## [ASSIGNMENT]
Give exactly the lines from the one with "SEUIL 1998 256" through the final line of the listing below, both included, leaving out any pictures.

## [RECORDED INFORMATION]
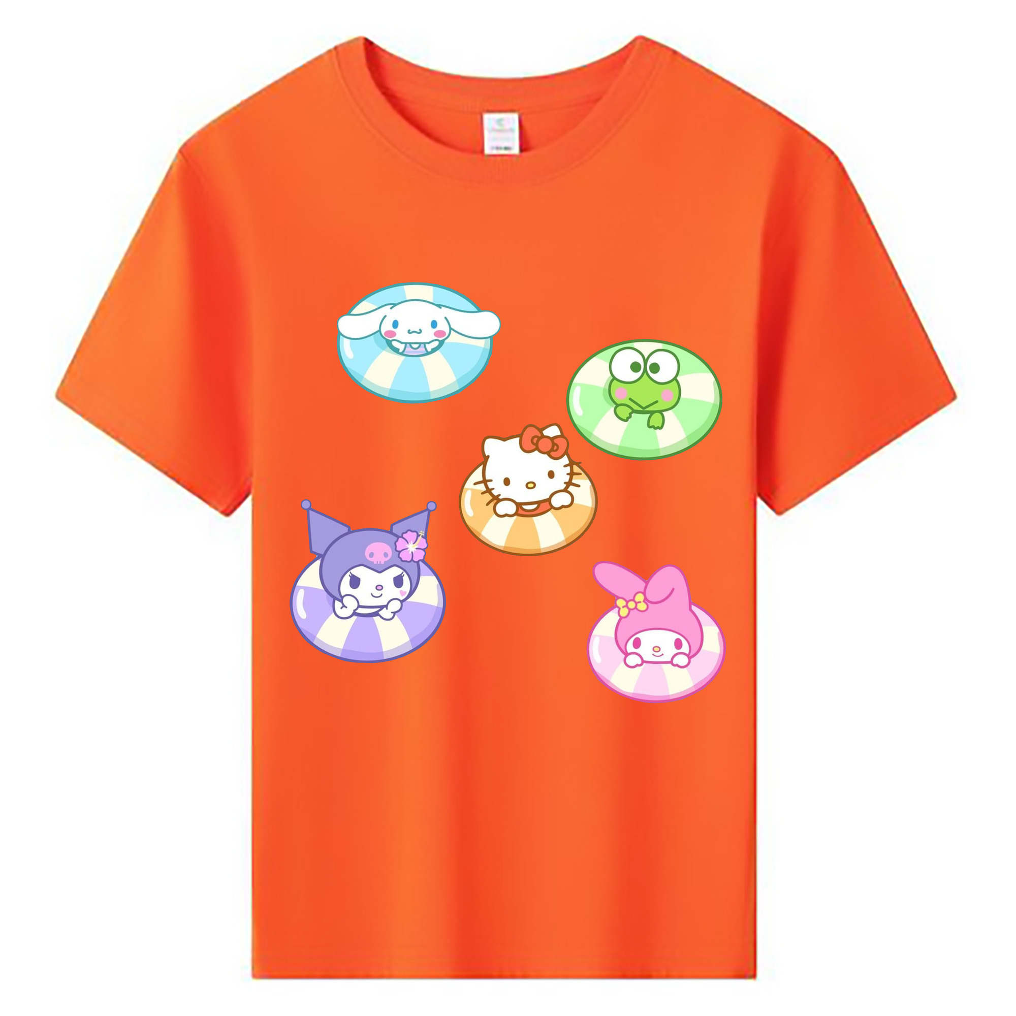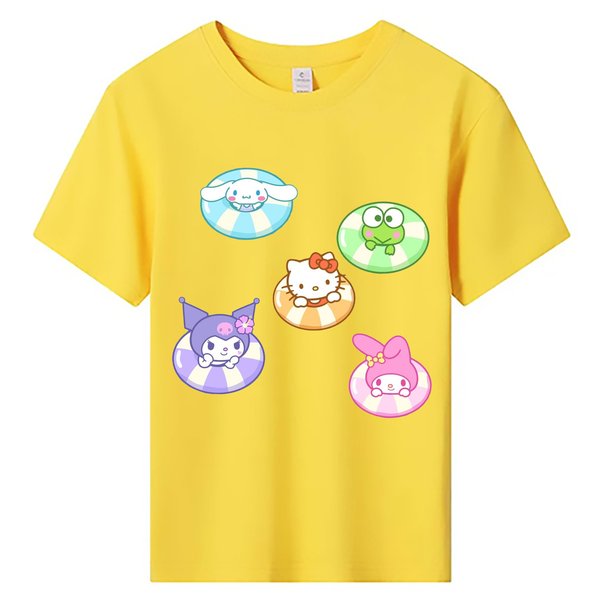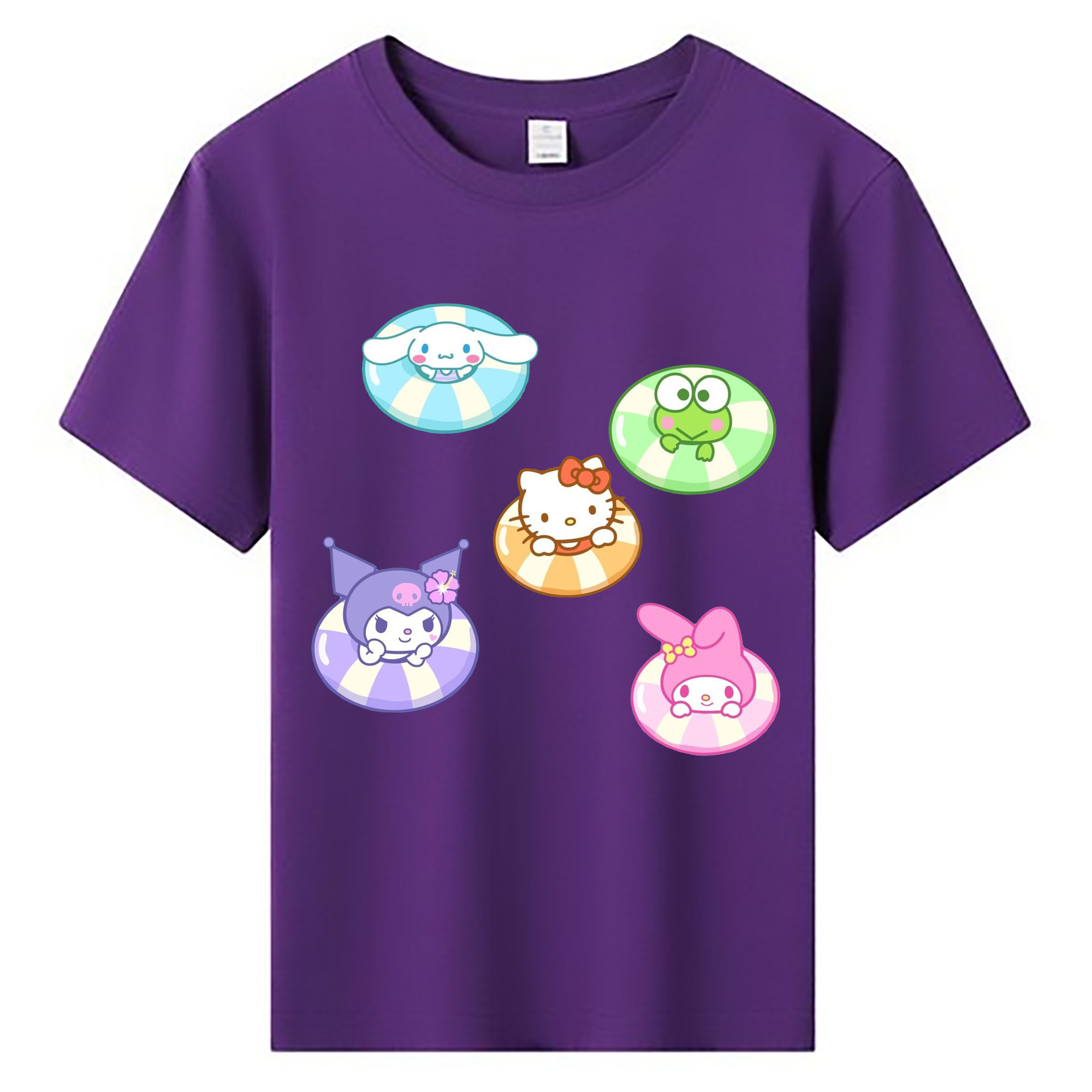 サンリオファミリー - 綿100% キッズTシャツ ・ フロントプリント ・ 快適 通気性 ・ スポーツ カジュアル 散歩用
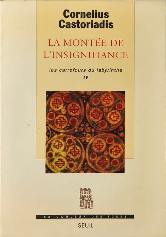 SEUIL 1998 256 pages 14x20 4x1 7cm. 1998. Broché. 256 pages. Dans 'La montée de l'insignifiance' quatrième volume des 'Carrefours du labyrinthe' publié en 1996 Cornelius Castoriadis analyse la déliquescence démocratique en Occident. Il interroge les notions de démocratie et de liberté proposant une critique acerbe des sociétés contemporaines et de leur tendance à l'insignifiance
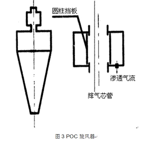 由于旋風(fēng)器對(duì)微細(xì)顆粒物效率較低,尤其對(duì) PM10( 粉塵粒徑小于 10μm 的顆粒物 ) 的除塵效率隨著顆粒直徑減小逐漸降低。也_是說,在旋風(fēng)器的運(yùn)行過程中,絕大部分微細(xì)粉塵穿透了分離區(qū)域,導(dǎo)致對(duì)微細(xì)粉塵效率下降。 A.Plomp 等 [3] ( 1996 年)提出了加裝二次分離附件的一種旋風(fēng)器,見圖 3 示意圖。二次分離附件設(shè)置在旋風(fēng)器本體頂部,稱之為 POC(post cyclone) 。

## [ANSWER FOR THIS EXERCISE]
 SEUIL 1998 256 pages 14x20 4x1 7cm. 1998. Broché. 256 pages. Dans 'La montée de l'insignifiance' quatrième volume des 'Carrefours du labyrinthe' publié en 1996 Cornelius Castoriadis analyse la déliquescence démocratique en Occident. Il interroge les notions de démocratie et de liberté proposant une critique acerbe des sociétés contemporaines et de leur tendance à l'insignifiance
 由于旋風(fēng)器對(duì)微細(xì)顆粒物效率較低,尤其對(duì) PM10( 粉塵粒徑小于 10μm 的顆粒物 ) 的除塵效率隨著顆粒直徑減小逐漸降低。也_是說,在旋風(fēng)器的運(yùn)行過程中,絕大部分微細(xì)粉塵穿透了分離區(qū)域,導(dǎo)致對(duì)微細(xì)粉塵效率下降。 A.Plomp 等 [3] ( 1996 年)提出了加裝二次分離附件的一種旋風(fēng)器,見圖 3 示意圖。二次分離附件設(shè)置在旋風(fēng)器本體頂部,稱之為 POC(post cyclone) 。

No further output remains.